Я сделал вывод, что это новая политика Московской патриархии и телеканала "Спас", которая направлена на активизацию православия и связана с желанием показать себя некой прогрессивной религией, не чуждой идеям гуманизма. Приглашают людей, имеющих другие взгляды и убеждения, и если они не являются убежденными атеистами, если это сомневающиеся, агностики, которые не могут достойно ответить, то их ставят в эфир, и каждую субботу в восемь вечера идет программа "Разговор с атеистом". А убежденных атеистов, последовательно отстаивающих свои атеистические убеждения, просто не ставят в эфир. Из этого я сделал вывод, что все это делается в рамках реализации свободы слова, совести, вероисповедания, но в своих интересах.
Яков Кротов: Упоминая о том, что в армии идет насаждение православия, вы указываете, что патриарх сформулировал основной аргумент необходимости православия в армии тезисом: "Самым главным приоритетом является страх Божий, страх как нравственная категория". И отсюда вы делаете вывод, что православие воспитывает плохого солдата: "К чему может привести такое воспитание военнослужащих, предположить нетрудно. Недаром еще Георгий Валентинович Плеханов замечал, что свойственный новейшему человечеству страх смерти, обуславливающий собой современное религиозное учение о бессмертии души, есть продукт индивидуализма". То есть верующий солдат – плохой солдат?
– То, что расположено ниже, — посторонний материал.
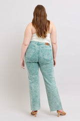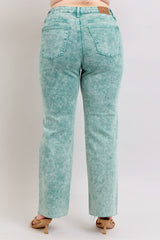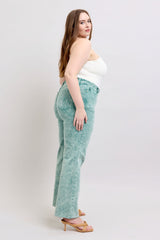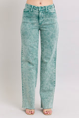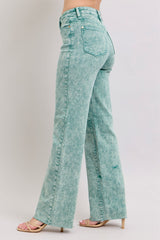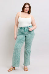 Sage colored, mineral washed jean by Judy Blue. These have a high rise fit, raw hemline and relaxed/wide leg fit.
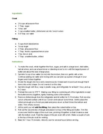 - Most recipes for blackberry pies are as simple as blackberries, sugar, flour, milk, and pie crust. Combining the berries, sugar and flour into the pie shell and placing it in the oven for 15-35 minutes can emerge a wonderfully baked blackberry pie.[10]
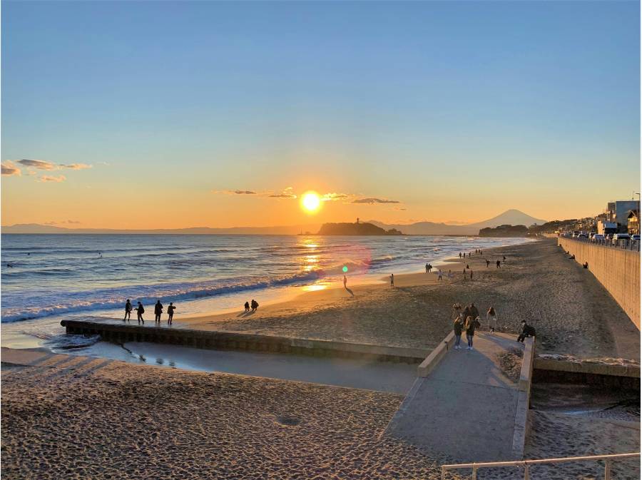 七里ガ浜までは徒歩7分、朝の散歩や夕暮れのサンセットが日常になる距離感です。
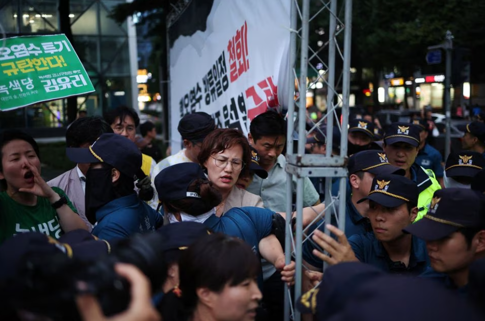 8月22日,韓國民眾走上首爾街頭抗議日本將核污染水排海(圖源:路透社)
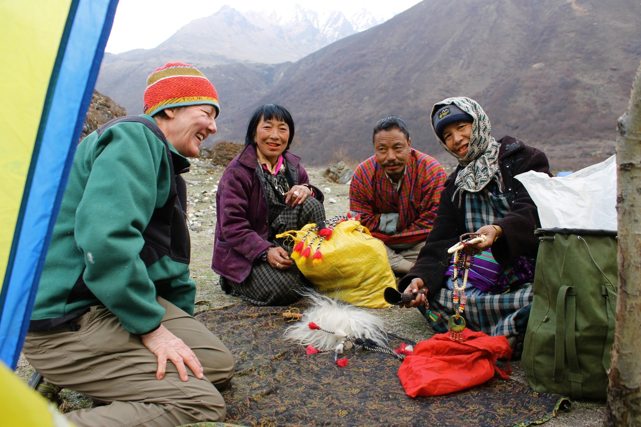 The highlight of our trek was a cup of hot, sweet yak milk tea served to us by Kelzang Om, the wife of yak-herder and village headman Pema Khandoor, whose family had just that week moved to their summer home in the high mountains, along with their 60 plus yaks. We got to meet three-month old baby Karma Dorji and his mother Ugyen, sister of our horseman, Tshering Penjor.
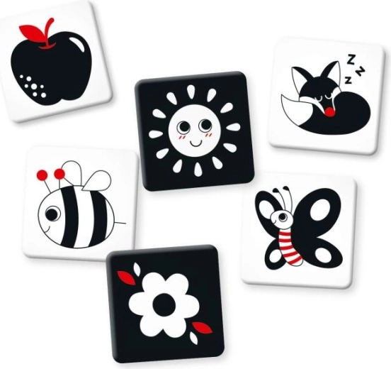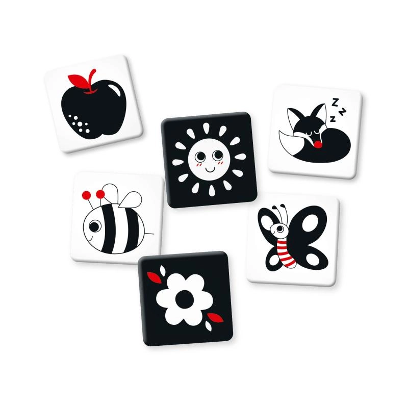 Ova jednostavna edukativna igra idealna je za mirne trenutke na podlozi, u krevetiću, kolicima ili tijekom vremena na trbuščiću. Zahvaljujući kontrastima dijete dobiva snažne podražaje za rani kognitivni razvoj i uči se usredotočiti na oblik, uzorak i obris.
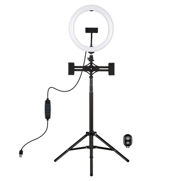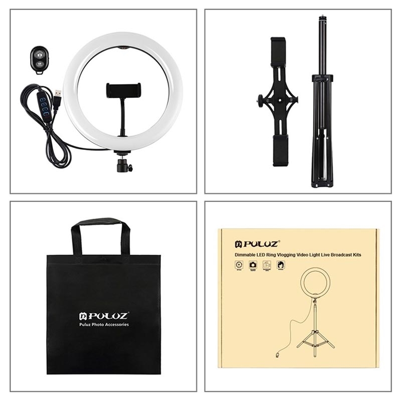 PULUZ PKT3066B 10.2" LED Selfie Ring Light Cell Phone Clamp Tripod Stand for YouTube Blogger Video Shooting
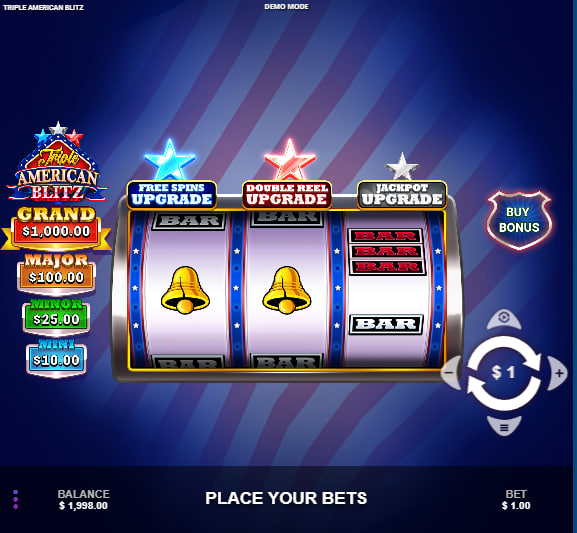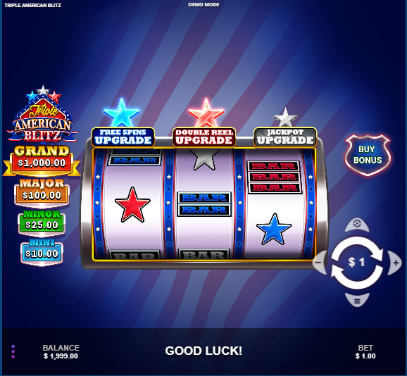 For players seeking immediate engagement with the core bonus mechanics, Triple American Blitz offers a “Buy Bonus” option. This feature allows players to directly purchase entry into the Bonus Feature for a fixed price, typically 40 times the current total bet. Upon purchasing, the game guarantees an activation of the Bonus Feature. The game will award one or more Bonus Symbols (the stars), thereby determining which upgrade(s) will be active for the ensuing 7 or 14 free spins. This provides a shortcut, bypassing the base game grind, for those willing to make the upfront investment. The specific combination of upgrades received through the Buy Bonus is still subject to a degree of randomness, although a trigger is assured.

Михаил Ситников: Тут, наверное, надо говорить не столько о солдатах, сколько о различии между человеком религиозным и атеистом. Ведь принципиальное различие заключается в том, что один верит или как-то иначе опирается на высшую опору (и это не каждому дано: вера – это талант, дар Божий), а атеист полностью берет на себя ответственность за все свои действия, идеи, мысли и поступки. То есть атеист отличается от верующего лишь спектром видения опоры: он видит ее в себе. Может быть, он не знает, что у него внутри есть искра Божия, но отвечает за все он. И человек в погонах со знанием своей ответственности за родину, семью, землю, конечно, будет хорошим солдатом. А плохой верующий, которых сейчас стало слишком много, потому что действительно религиозных людей мало, и само понятие религии исказилось (религия – это уже не внутреннее видение, а принадлежность, как партийная принадлежность), - такие солдаты будут проигрывать перед атеистами.
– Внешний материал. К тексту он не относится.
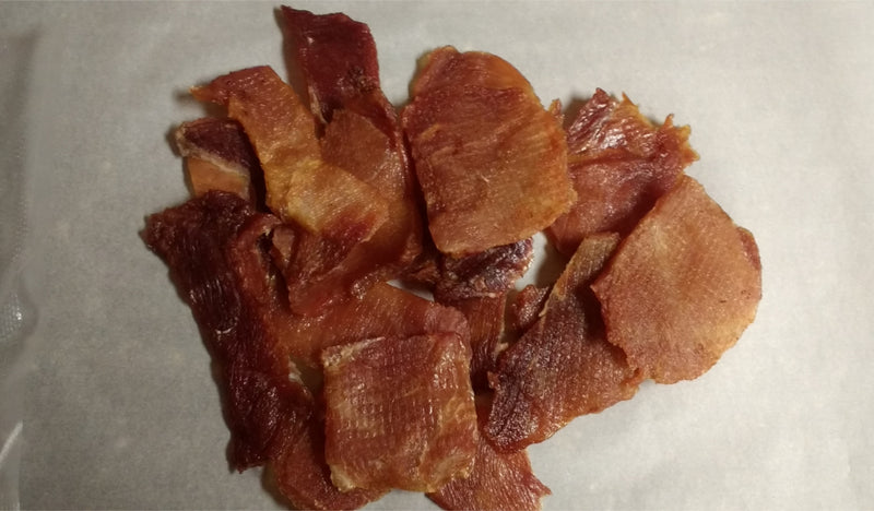 How It’s Made: Sliced thin. Fat completely removed. Placed in dehydrator for between 6 and 7 hours; depending on batch size. Removed From dehydrator and allowed to cool. Tested for quality by our adorable treat testers. Vacuum sealed with an oxygen absorber and then shipped to your door!
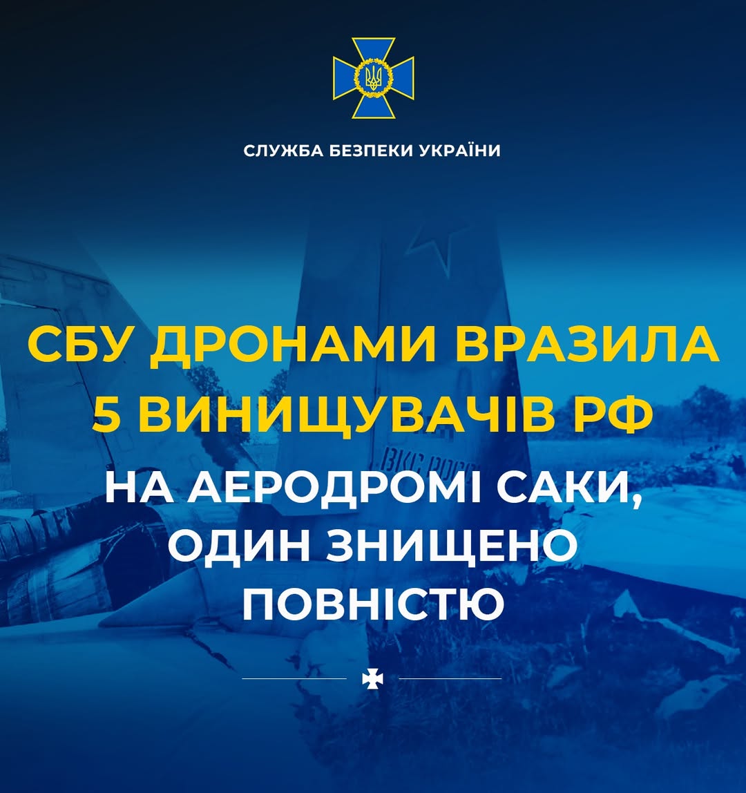 Нова спецоперація СБУ: безпілотники Служби вразили 5 російських винищувачів на аеродромі Саки, один літак знищено повністю

Яков Кротов: А хороший верующий будет хорошим солдатом?
Атеист отличается от верующего лишь спектром видения опоры: он видит ее в себе
Михаил Ситников: Да, потому что он всегда будет сознавать, что он ответственен за того ближнего, которого он любит.
Сергей Иванеев: Я никогда не выступал против религии в армии, потому что, являясь конституционалистом, я понимаю, что священники в армии регламентированы действующим международным гуманитарным правом, Женевскими конвенциями. Мы говорим о другом: под видом священников в армии в нарушение Федерального закона о статусе военнослужащих, запрещающего создание религиозных объединений в вооруженных силах, в органы военного управления внедряются представители черносотенной идеологии, которые, в соответствии с "Положением о порядке работы с верующими военнослужащими", взяли на себя функции замполитов. Служитель культа не имеет права заниматься воспитательной работой, но именно регламентированные обязанности помощника командира воинской части по работе с верующими военнослужащими и сам штат Министерства обороны, где создано данное управление, как раз возложили на священников в армии функции замполитов. Вот против чего мы выступаем - против нарушения Конституции и федерального законодательства.
Яков Кротов: А что вы вкладываете в понятие "черносотенная идеология"? Михаил Николаевич – черносотенный?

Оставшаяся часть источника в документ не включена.